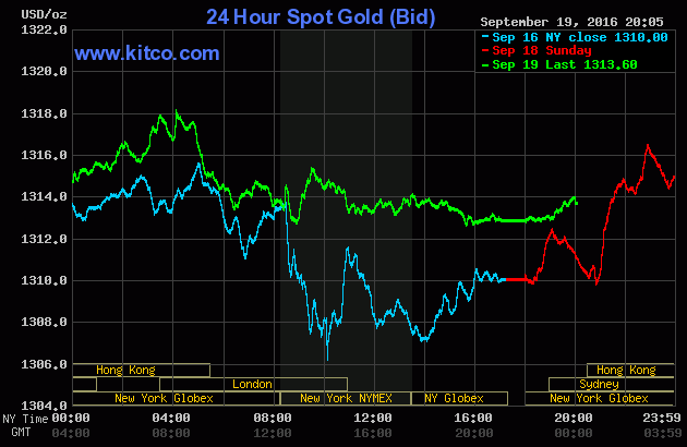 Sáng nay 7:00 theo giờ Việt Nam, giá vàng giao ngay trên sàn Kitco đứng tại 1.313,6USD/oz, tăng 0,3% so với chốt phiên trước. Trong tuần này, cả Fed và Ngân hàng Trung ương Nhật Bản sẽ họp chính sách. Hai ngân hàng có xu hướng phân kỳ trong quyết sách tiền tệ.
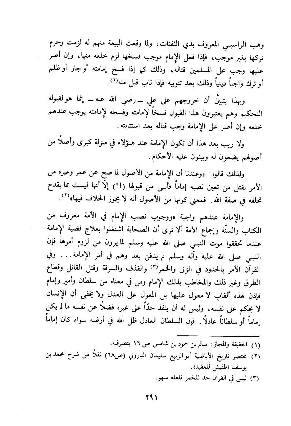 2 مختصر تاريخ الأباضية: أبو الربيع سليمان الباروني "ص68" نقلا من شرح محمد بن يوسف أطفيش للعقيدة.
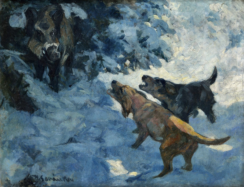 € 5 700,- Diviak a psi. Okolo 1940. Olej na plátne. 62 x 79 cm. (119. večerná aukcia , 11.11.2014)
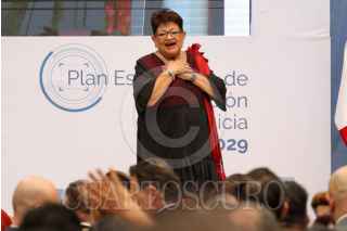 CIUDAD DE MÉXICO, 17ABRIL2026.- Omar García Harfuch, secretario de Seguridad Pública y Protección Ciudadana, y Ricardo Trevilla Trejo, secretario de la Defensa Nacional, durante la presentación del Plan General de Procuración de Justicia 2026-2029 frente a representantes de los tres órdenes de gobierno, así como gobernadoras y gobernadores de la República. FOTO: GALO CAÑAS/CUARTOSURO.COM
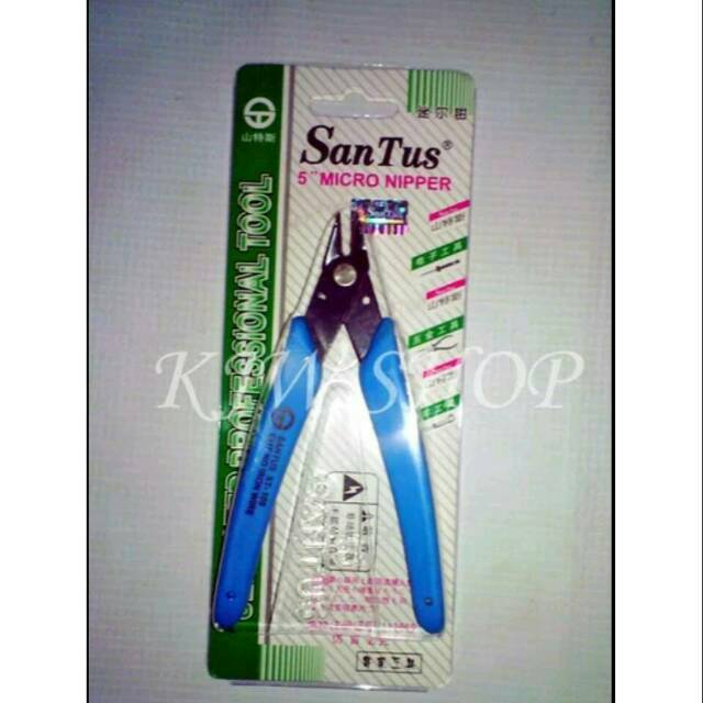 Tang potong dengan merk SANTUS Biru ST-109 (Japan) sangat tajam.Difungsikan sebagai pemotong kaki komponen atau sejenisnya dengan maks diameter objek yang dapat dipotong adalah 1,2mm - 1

· · · · ·

Goal of the exercise
It would help to have the listing above repeated exactly, with all images removed.

Output of the exercise
 Sáng nay 7:00 theo giờ Việt Nam, giá vàng giao ngay trên sàn Kitco đứng tại 1.313,6USD/oz, tăng 0,3% so với chốt phiên trước. Trong tuần này, cả Fed và Ngân hàng Trung ương Nhật Bản sẽ họp chính sách. Hai ngân hàng có xu hướng phân kỳ trong quyết sách tiền tệ.
 2 مختصر تاريخ الأباضية: أبو الربيع سليمان الباروني "ص68" نقلا من شرح محمد بن يوسف أطفيش للعقيدة.
 € 5 700,- Diviak a psi. Okolo 1940. Olej na plátne. 62 x 79 cm. (119. večerná aukcia , 11.11.2014)
 CIUDAD DE MÉXICO, 17ABRIL2026.- Omar García Harfuch, secretario de Seguridad Pública y Protección Ciudadana, y Ricardo Trevilla Trejo, secretario de la Defensa Nacional, durante la presentación del Plan General de Procuración de Justicia 2026-2029 frente a representantes de los tres órdenes de gobierno, así como gobernadoras y gobernadores de la República. FOTO: GALO CAÑAS/CUARTOSURO.COM
 Tang potong dengan merk SANTUS Biru ST-109 (Japan) sangat tajam.Difungsikan sebagai pemotong kaki komponen atau sejenisnya dengan maks diameter objek yang dapat dipotong adalah 1,2mm - 1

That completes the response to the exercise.